On 04/07/2018 06:23 PM, Tom Lane wrote:
> Teodor Sigaev <teo...@sigaev.ru> writes:
>>> I dunno, how would you estimate whether this is actually a win or not?
>>> I don't think our model of sort costs is anywhere near refined enough
>>> or accurate enough to reliably predict whether this is better than
>>> just doing it in one step. Even if the cost model is good, it's not
>>> going to be better than our statistics about the number/size of the
>>> groups in the first column(s), and that's a notoriously unreliable stat.
>> I think that improvement in cost calculation of sort should be a
>> separate patch, not directly connected to this one. Postpone patches
>> till other part will be ready to get max improvement for postponed ones
>> doesn't seem to me very good, especially if it suggests some improvement
>> right now.
> No, you misunderstand the point of my argument. Without a reasonably
> reliable cost model, this patch could easily make performance *worse*
> not better for many people, due to choosing incremental-sort plans
> where they were really a loss.
Yeah. Essentially the patch could push the planner to pick a path that
has low startup cost (and very high total cost), assuming it'll only
need to read small part of the input. But if the number of groups in the
input is low (perhaps just one huge group), that would be a regression.

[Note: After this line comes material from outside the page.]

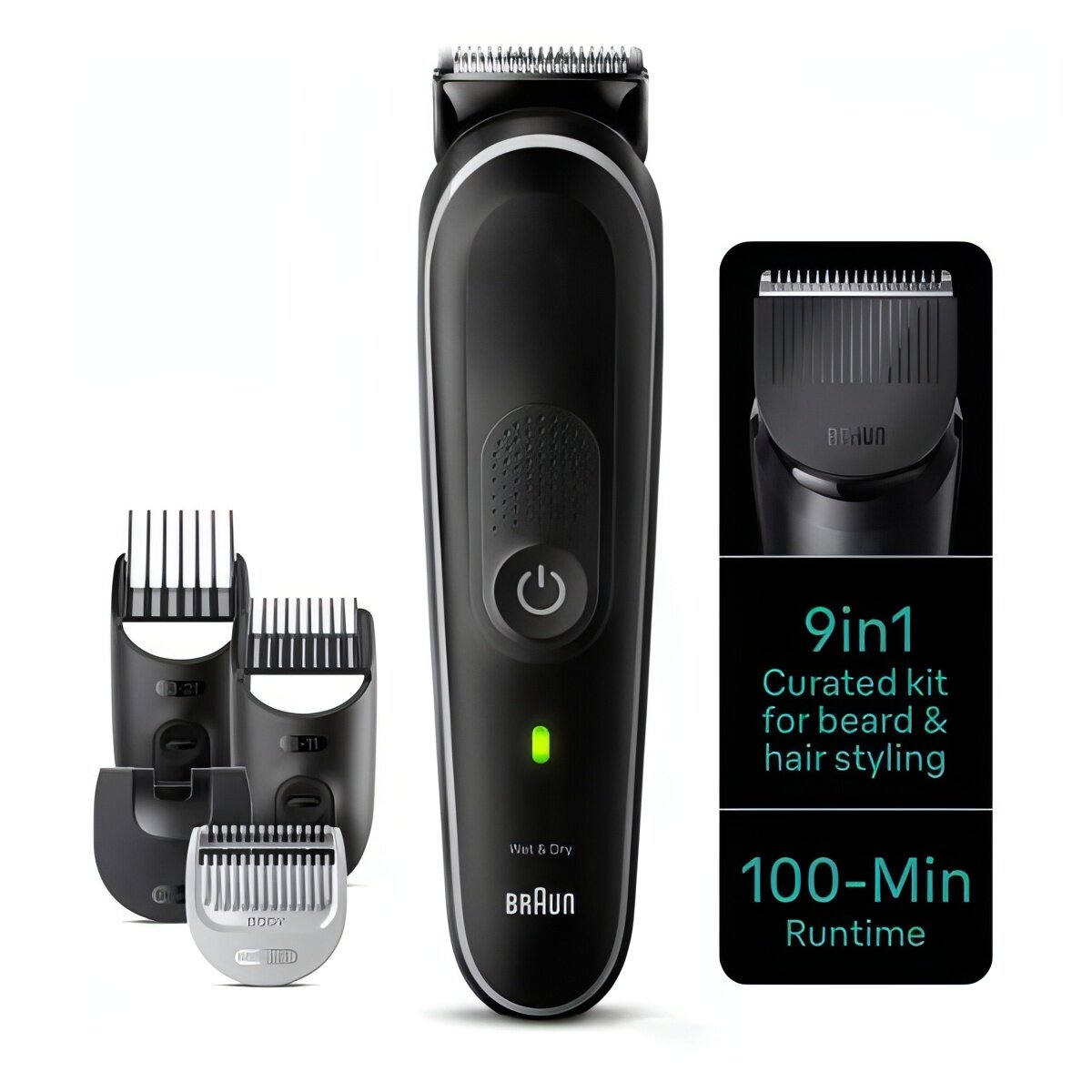 Триммер для бороды Braun Series 5 MGK5410 BLK/GREY универсальный, фиксированные и выдвижные гребни, триммер для носа и ушей, насадка для точного стайлинга, серый интересное: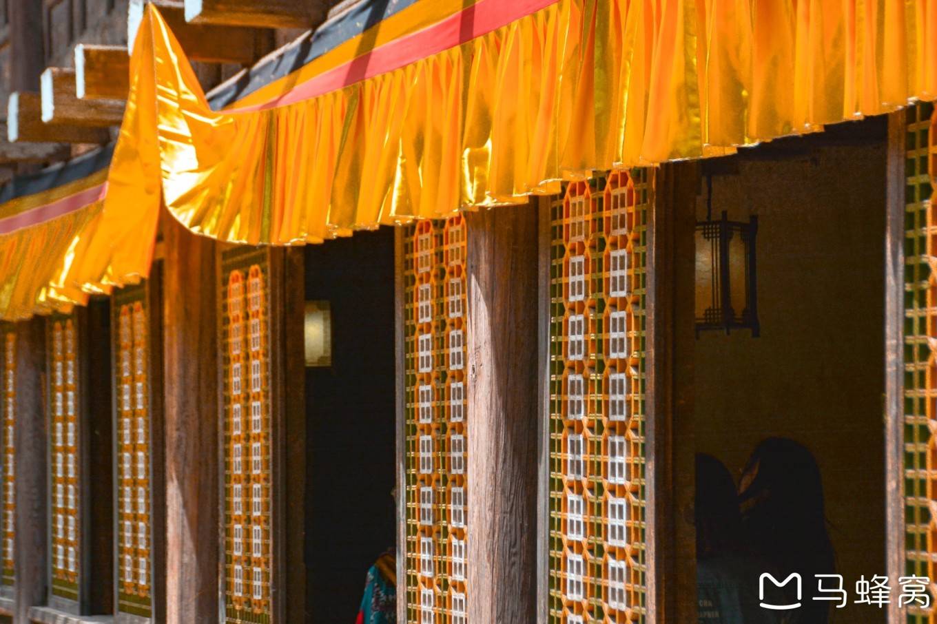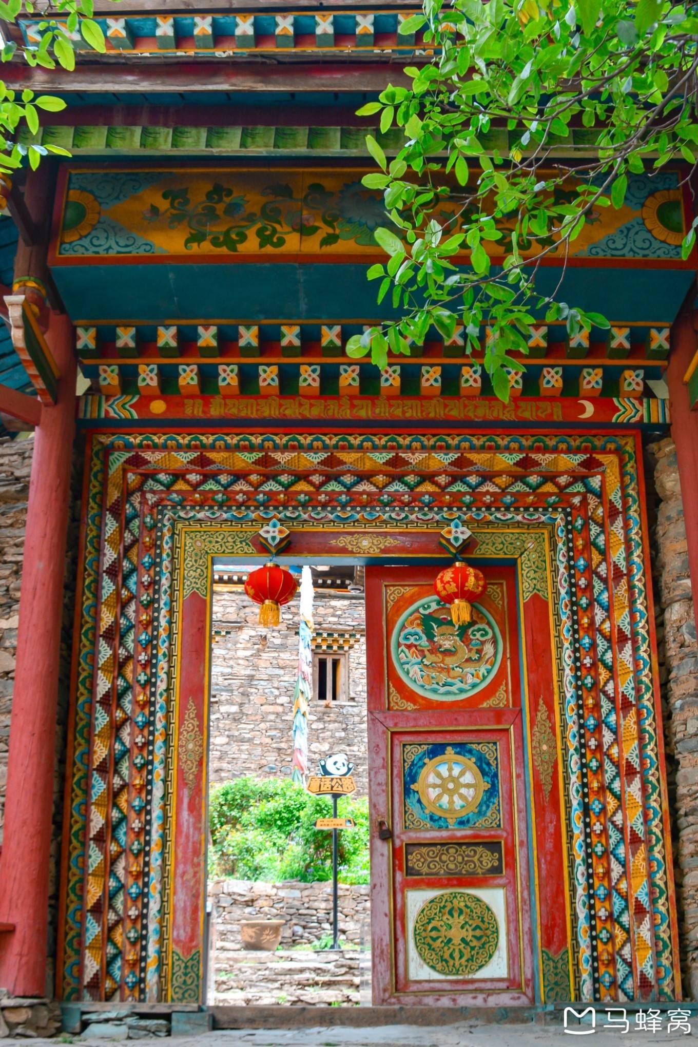 顺着公路边的石梯而上,便是卓克基那装饰着五彩图案的木门,透过敞开一半门的缝隙往里看,石头砌成的建筑出现在了眼前。

> If we were at the start of a development cycle and work were being
> promised to be done later in the cycle to improve the planning aspect,
> I'd be more charitable about it. But this isn't merely the end of a
> cycle, it's the *last day*. Now is not the time to commit stuff that
> needs, or even just might need, follow-on work.
+1 to that
FWIW I'm willing to spend some time on the patch for PG12, particularly
on the planner / costing part. The potential gains are too interesting.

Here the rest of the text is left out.